Start of Block

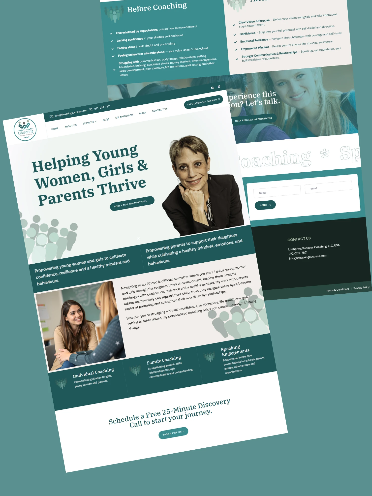 For this project, I designed a modern, professional brand identity and built a fully customized WordPress website for LifeSpring Success Coaching. The project included:
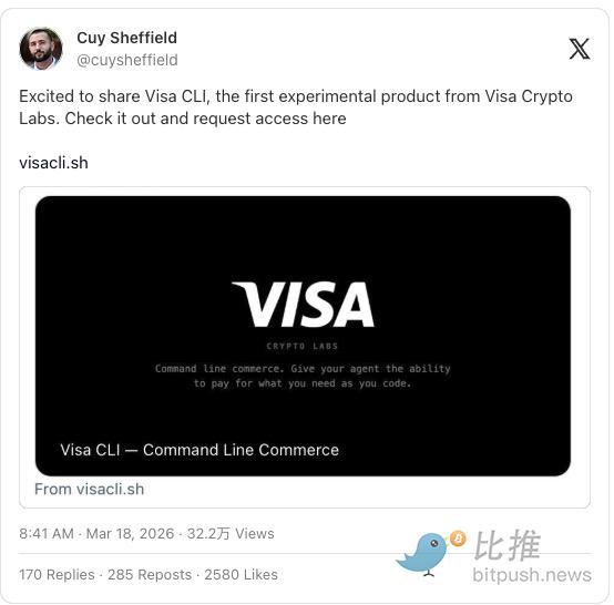 “很高兴分享 Visa CLI,这是 Visa Crypto Labs 的首个实验性产品。在这里查看并申请访问权限:visacli.sh”
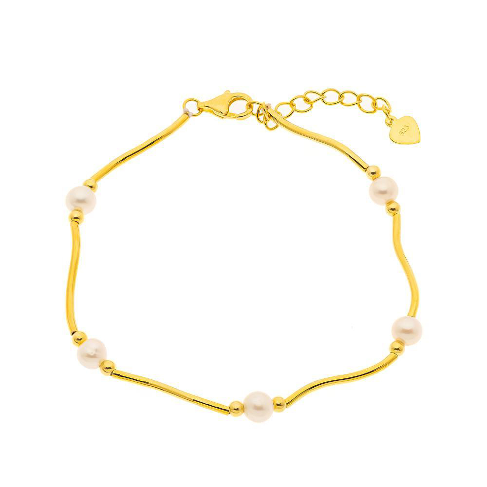Βραχιόλι ασημένιο σε κίτρινο επιχρύσωμα με πέρλες κατά μήκος.
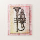 Art vintage avec peinture d'une trompette avec sculpture florale.
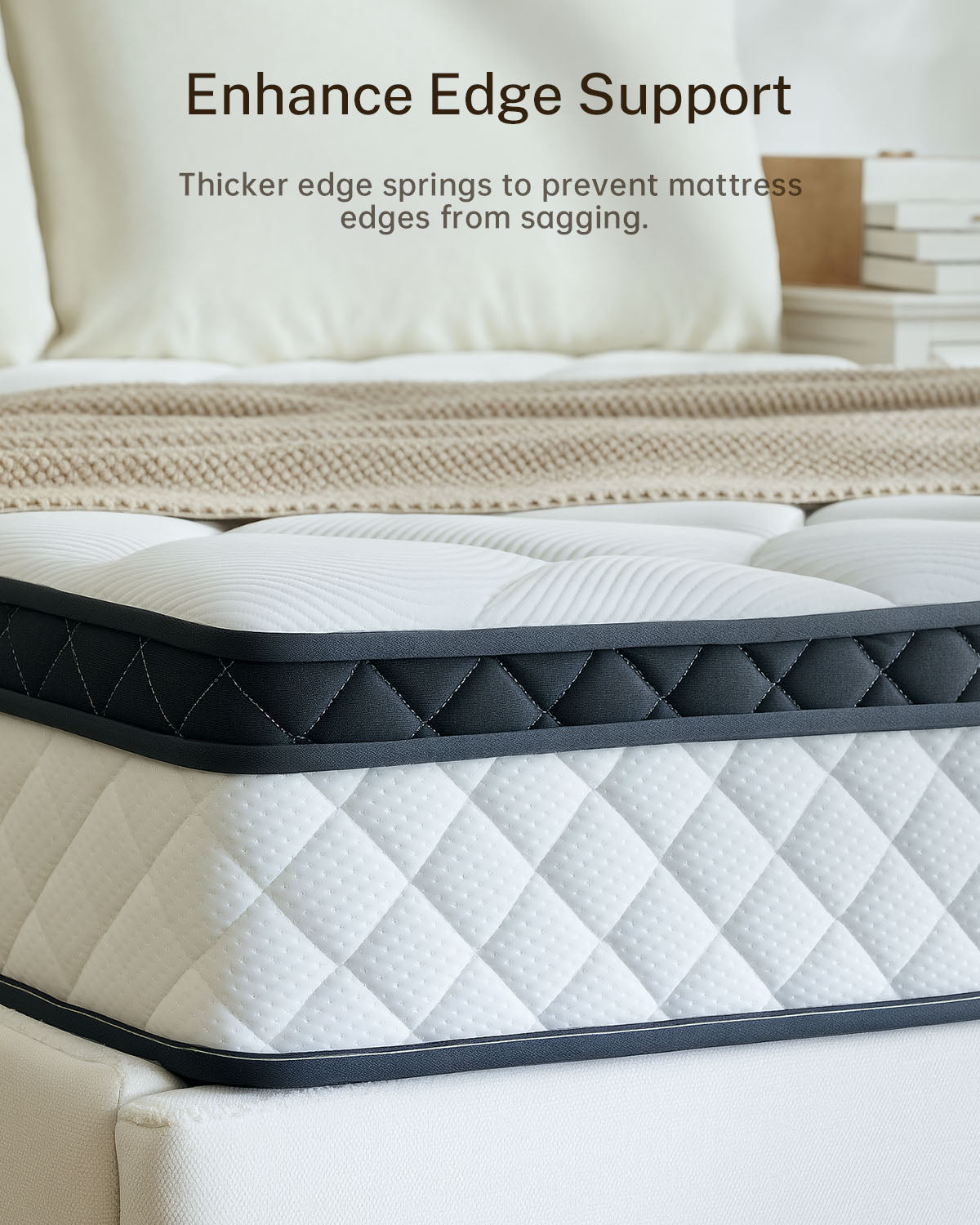 7-ZONED SUPPORT SYSTEM WITH INDIVIDUALLY WRAPPED COILS: Engineered with edge springs that are 30% denser than traditional hybrid mattresses, this advanced design reduces edge roll-off by 40% while providing targeted pressure relief for your hips, shoulders, and spine.
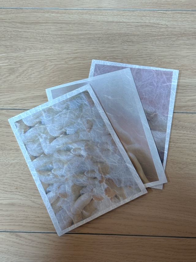 「IN ザ ROOM」の制作過程で作成した、和紙へのテストプリントです。 和紙特有のやわらかな透け感があり、光の当たり方によって表情が変わる、試作ならではの一枚です。 仕上がりはとても魅力的でしたが、安定した本制作には技術的に難しく、最終的には採用を見送った仕様となります。 ハガキサイズのプリントを2枚セットでお届けします。 2枚セットが1つ 3枚セットが1つ のみの販売です。 すべてサイン入りです。 完成品とは異なる、制作の過程を感じられる特別なプリントとしてお楽しみください。

End of Block

**TASK ITEM:** Your answer must be the full listing, reproduced word for word, without its pictures.

**SOLUTION FOR THIS EXERCISE:**
 For this project, I designed a modern, professional brand identity and built a fully customized WordPress website for LifeSpring Success Coaching. The project included:
 “很高兴分享 Visa CLI,这是 Visa Crypto Labs 的首个实验性产品。在这里查看并申请访问权限:visacli.sh”
Βραχιόλι ασημένιο σε κίτρινο επιχρύσωμα με πέρλες κατά μήκος.
 Art vintage avec peinture d'une trompette avec sculpture florale.
 7-ZONED SUPPORT SYSTEM WITH INDIVIDUALLY WRAPPED COILS: Engineered with edge springs that are 30% denser than traditional hybrid mattresses, this advanced design reduces edge roll-off by 40% while providing targeted pressure relief for your hips, shoulders, and spine.
 「IN ザ ROOM」の制作過程で作成した、和紙へのテストプリントです。 和紙特有のやわらかな透け感があり、光の当たり方によって表情が変わる、試作ならではの一枚です。 仕上がりはとても魅力的でしたが、安定した本制作には技術的に難しく、最終的には採用を見送った仕様となります。 ハガキサイズのプリントを2枚セットでお届けします。 2枚セットが1つ 3枚セットが1つ のみの販売です。 すべてサイン入りです。 完成品とは異なる、制作の過程を感じられる特別なプリントとしてお楽しみください。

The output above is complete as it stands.